Store Daemon Deployment

This page describes how to run the C++ StoreDaemon (daemon/tensorcast_daemon) in development and production using the unified runtime configuration.

Binary

  • Build from source (development):
bazel build //daemon:tensorcast_daemon
  • Packaged wheel includes the daemon at tensorcast/bin/tensorcast_daemon and the Python CLI will use it automatically.

Launch via Python CLI

Use the unified YAML config and start via CLI (default --global-store-mode is none):

uv run tensorcast-cli daemon start --global-store-mode connect --global-store-address 127.0.0.1:50051

If you omit --config, the CLI tries $TENSORCAST_DAEMON_CONFIG, then examples/config/store_daemon_config.yaml (repo checkout or packaged wheel), and errors if no config is found. Set listen/advertise addresses through the config file instead of CLI flags. You can also override config values inline with --set KEY=VALUE (repeatable). Example: --set engine.memory_tiers.stable_bytes=4GB. Common shortcuts: --stable-bytes, --mem-pool-size-bytes, --enable-rdma, --log-level.

The CLI locates the binary from the wheel or development path automatically and extends LD_LIBRARY_PATH with the TensorCast shared library bundle as well as the PyTorch, NVIDIA, and auxiliary CUDA runtime directories (including packages such as cusparselt that are installed outside the nvidia namespace) that live inside the active Python environment. This allows the daemon to resolve libstore_engine, libtorch and CUDA components even when only the binary is present on disk. If you need extra launcher environment for the daemon binary, set envs in the daemon config. envs.LD_LIBRARY_PATH is merged in this order: inherited shell entries, then configured entries, then the auto-discovered TensorCast/PyTorch/CUDA directories. Other envs.* keys are passed through directly to the daemon process.

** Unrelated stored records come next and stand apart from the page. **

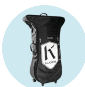
493S164=ST012 Flybag Transporttasche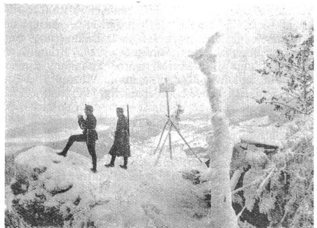
Les Rangiers im Winter.

Wenn wir noch nach Boécourt hinunter hätten gehen können! Der Ausgang blieb streng auf den „Ort“ beschränkt. Der erhöhte Bereitschaftsgrad und die zahlreichen Außenwachen sorgten dafür, daß kein Berwegener den übrigens sehr richtigen Befehl umgehen konnte. Wir befanden uns eben nicht im friedlichen Manöverkurs. So mußten wir an diesem und den nächsten Abenden unsern phänomenalen Durst am prächtigen Dorfbrunnen löschen. Um die gleiche Zeit wurden die belgischen Festungen eine nach der andern zu Fall gebracht. Wir wußten auch, daß im nahen Esaj gekämpft wurde und die Franzosen auf Müllhausen vorstießen. Drang nicht der Kanonendonner bis zu uns herüber? Dampf und in regelmäßigen Abständen? Einem findigen Kopf fiel etwas an der Sache auf — und richtig, es stellte sich heraus, daß die „Kanonenschläge“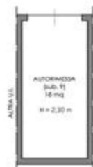
Schema distributivo dello stato di fatto - Piano terra.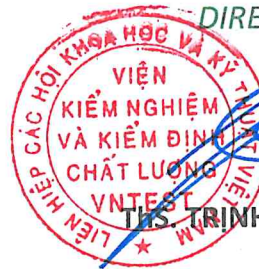
THS. TRINH CÔNG SƠN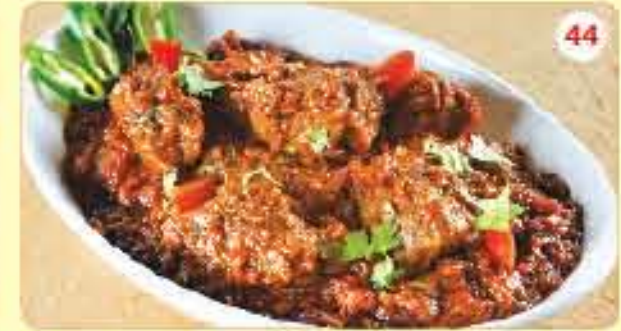
44 لحم غنم مسالو 2.400

By default the daemon runs in the background after tensorcast-cli daemon start returns, and logs are persisted under ~/.tensorcast/hosts/<host_id>/sessions/<id>/logs (view them with uv run tensorcast-cli daemon logs). Add --blocking to keep the daemon attached to the CLI, stream logs directly to the terminal (stdio inherited to avoid buffered crash output), and stop it when the CLI exits (SIGTERM with a ~35s grace before SIGKILL). In blocking mode, logs are not persisted to the session log files.

Manage Daemon Sessions

Daemon sessions are tracked under ~/.tensorcast/hosts/<host_id>/sessions/<session_id> and the current session id is stored in ~/.tensorcast/hosts/<host_id>/current_session (where <host_id> is derived from the hostname and machine-id). Session metadata is written as soon as the daemon process starts (before readiness), so SDK tc.init(mode="connect") can discover the session while startup continues; retry if the daemon is still initializing. The CLI emits periodic readiness status messages if startup takes longer than a few seconds and probes both the configured listen host and loopback to avoid hanging on a non-local listen address. Transient readiness probe errors are suppressed during startup and only surfaced if the daemon fails to become ready.

Only one Store Daemon instance is allowed per host-scoped runtime root under $TENSORCAST_HOME. If you run tensorcast-cli daemon start while another daemon is already running, the CLI returns an error and prints the existing daemon session details; reuse that instance or stop it before starting a new one.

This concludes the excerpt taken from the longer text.